The Reporting Persons, collectively, may be deemed to beneficially own 2,911,384 shares of Common Stock held directly by First Reserve XIII. Based on 38,578,409 shares of Common Stock outstanding as of the date hereof (based on information provided by the Issuer), the Reporting Persons collectively may be deemed to beneficially own 7.6% of the total outstanding Common Stock.
Each of the Reporting Persons may be deemed to beneficially own the Common Stock reported herein. Neither the filing of this Schedule 13D nor any of its contents shall be deemed to constitute an admission that any of the Reporting Persons (other than First Reserve XIII) or the persons set forth on Schedule I is the beneficial owner of the Common Stock referred to herein for purposes of Section 13(d) of the Act or for any other purpose, and such beneficial ownership is expressly disclaimed. | |
(b) | See Item 5(a) above. | |
(c) | Except as set forth herein, each of the Reporting Persons reports that neither it, nor to its knowledge, any other person set forth on Schedule I, has effected any transactions in Common Stock during the past 60 days. | |
(d) | Except as otherwise described in Item 2 and this Item 5, no one other than the Reporting Persons has the right to receive, or the power to direct the receipt of, dividends from, or the proceeds from the sale of, any of the securities of the Issuer beneficially owned by the Reporting Persons as described in this Item 5. | |
(e) | Not applicable. | |
Item 6. | Contracts, Arrangements, Understandings or Relationships With Respect to Securities of the Issuer | |
The information set forth in or incorporated by reference in Items 3 and 4 of this Schedule 13D is incorporated by reference in its entirety into this Item 6.
In connection with the execution of the Arrangement Agreement, First Reserve XIII, Issuer and each director and executive officer of Lucero and certain existing shareholders of Lucero, (collectively, the "Lucero Supporting Shareholders") entered into Voting and Support and Lock-Up Agreements, dated December 15, 2024 (the "Lucero Voting Agreements"), pursuant to which, among other things, First Reserve XIII agreed, subject to certain customary exceptions, not to directly or indirectly sell or otherwise transfer or dispose of legal or beneficial ownership in their Vitesse Consideration Shares (as defined in the Lucero Voting Agreement) during the period commencing on the closing date of the Arrangement and ending on the 366th day following the closing date of the Arrangement.
The foregoing description of the Lucero Voting Agreement does not purport to be complete and is qualified in its entirety by reference to the Voting Agreement filed as Exhibit C hereto and incorporated herein by reference.

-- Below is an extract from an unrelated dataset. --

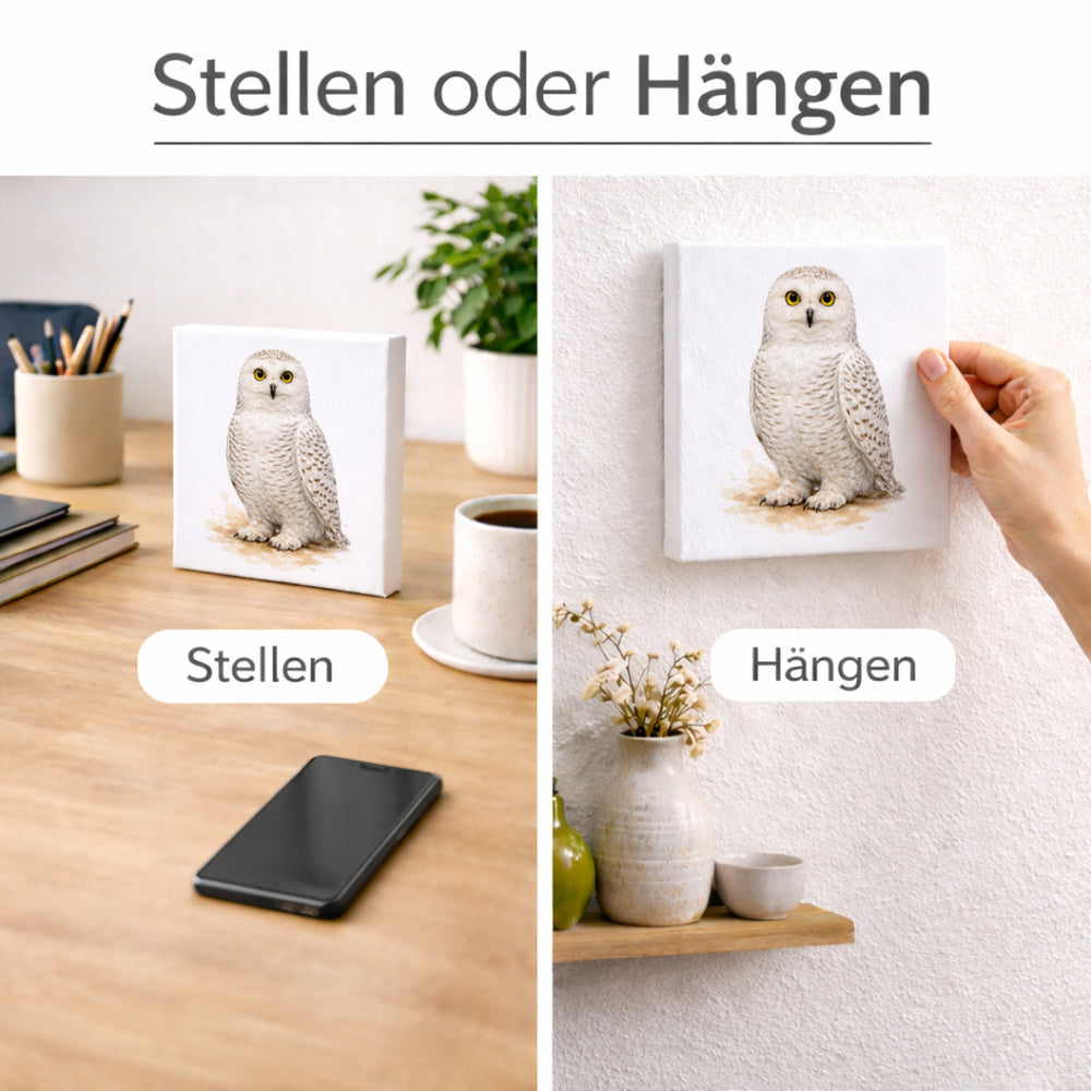- 1x Schneeeulenzauber Schnee-Eule Holzbild in 10x10 cm zum Stellen oder Aufhängen in der gewählten Größe

In connection with the Closing, Mr. Gary D. Reaves, a Managing Partner of XIII Limited and Member of the Board of Directors of XIII Limited, was appointed to the Board of Directors of the Issuer. | ||
Item 7. | Material to be Filed as Exhibits. | |
99.1 Signature Page
99.2 Schedule I list of officers and directors of XIII Limited.
A. Joint Filing Agreement by and among the Reporting Persons (filed herewith).
B. Arrangement Agreement, (incorporated by reference to Exhibit 2.1 to the Issuer's Form 8-K filed with the SEC on December 19, 2024).
C. Lucero Voting Agreement (incorporated by reference to Exhibit 10.1 to the Issuer's Form 8-K filed with the SEC on December 19, 2024). |
SIGNATURE | |
After reasonable inquiry and to the best of my knowledge and belief, I certify that the information set forth in this statement is true, complete and correct.